Since we are only making one model based off of the likelihood function, we can disregard other goodness of fit measures.
Bland_Chromatin.range = range(BreastCancerData$Bland_Chromatin)
x = seq(Bland_Chromatin.range[1], Bland_Chromatin.range[2], length = 200)
beta.x = coef(s.logit)[1] + coef(s.logit)[2]*x
success.prob = exp(beta.x)/(1+exp(beta.x))

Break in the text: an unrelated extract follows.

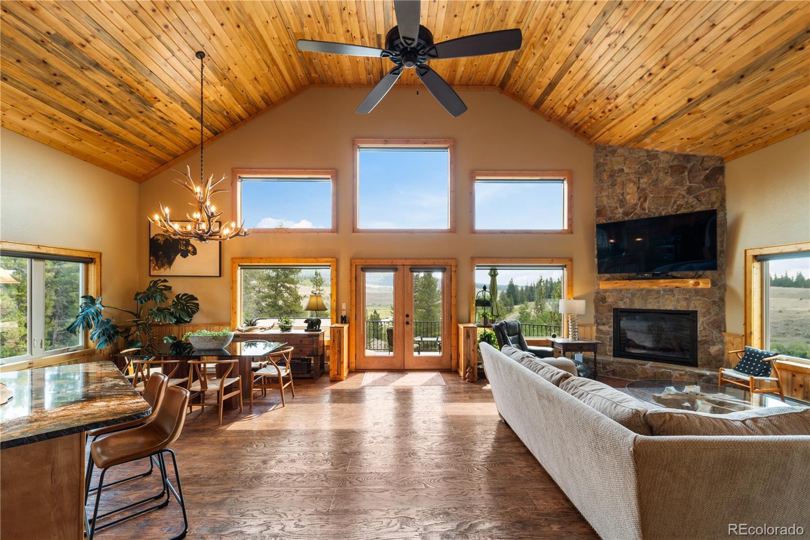Welcome to Fairplay, Colorado’s masterpiece with panoramic views, and a seasonal pond. SINGLE FAMILY/INCOME/AIRBNB. Located near Alma, Fairplay, and, Breckenridge. Enjoy summer activities in Buena Vista and Salida. Step inside 662 County Road 1, a remarkable mountain home, mostly furnished, and situated on 6.3 acres of gorgeous mountain land and located only 3/4 mile off Hwy 9. This residence is 4,491 square feet and offers ample space for comfortable living and distinct entertaining. With four spacious bedrooms and 3.5 bathrooms, the home provides an ideal setup for both family living and hosting guests. Enjoy Colorado outdoor activities such as skiing, hiking, fishing, biking, horseback riding, rafting, and much more. Enter into a world of elegance where expansive living areas effortlessly blend modern design with rustic charm. The open-concept layout allows for a seamless flow between the living, dining, and kitchen spaces, creating a welcoming atmosphere for gatherings of any size. Large windows flood the home with natural light while offering breathtaking views of the surrounding landscape. The kitchen, a haven for culinary enthusiasts, is equipped with generous counter space, making meal preparation a delight. Adjacent to the kitchen, the dining area offers a perfect spot for both casual meals and formal dinners. Retreat to the master suite, a true sanctuary featuring a luxurious ensuite bathroom. Each additional bedroom provides comfort and privacy, ensuring every family member has their own personal retreat. The fully finished basement has 2 bedrooms and 1 bath. A wood burning stove, and radiant floor heating. A private entry for guests and currently can be used as an Airbnb for additional potential income.

failure.prob = 1/(1+exp(beta.x))
ylimit = max(success.prob, failure.prob)
beta1 = coef(s.logit)[2]
success.prob.rate = beta1*exp(beta.x)/(1+exp(beta.x))^2
par(mfrow = c(1,2))
plot(x, success.prob, type = "l", lwd = 2, col = "navy",
main = "The probability of being \n tested positive in Breast Cancer",
ylim=c(0, 1),
xlab = "Bland Chromatin",
ylab = "probability",
axes = FALSE,
col.main = "navy",
cex.main = 0.8)
axis(1, pos = 0)
axis(2)
y.rate = max(success.prob.rate)
plot(x, success.prob.rate, type = "l", lwd = 2, col = "navy",
main = "The rate of change in the probability \n of being tested positive in Breast Cancer",
xlab = "Bland_Chromatin",
ylab = "Rate of Change",
ylim=c(0,1.1*y.rate),
axes = FALSE,
col.main = "navy",
cex.main = 0.8)
axis(1, pos = 0)
axis(2)
Our success probability S curve shows us an S shape, which represents the probability increase of a positive breast cancer result as the chromatin thickness increases. The rate of change graph shows us the turning point of the graph is around when Bland_Chromatin is around 5.
In conclusion our logistic model shows us that the thickness of the Bland Chromatin does have a positive effect on whether a patient has a positive breast cancer test or not.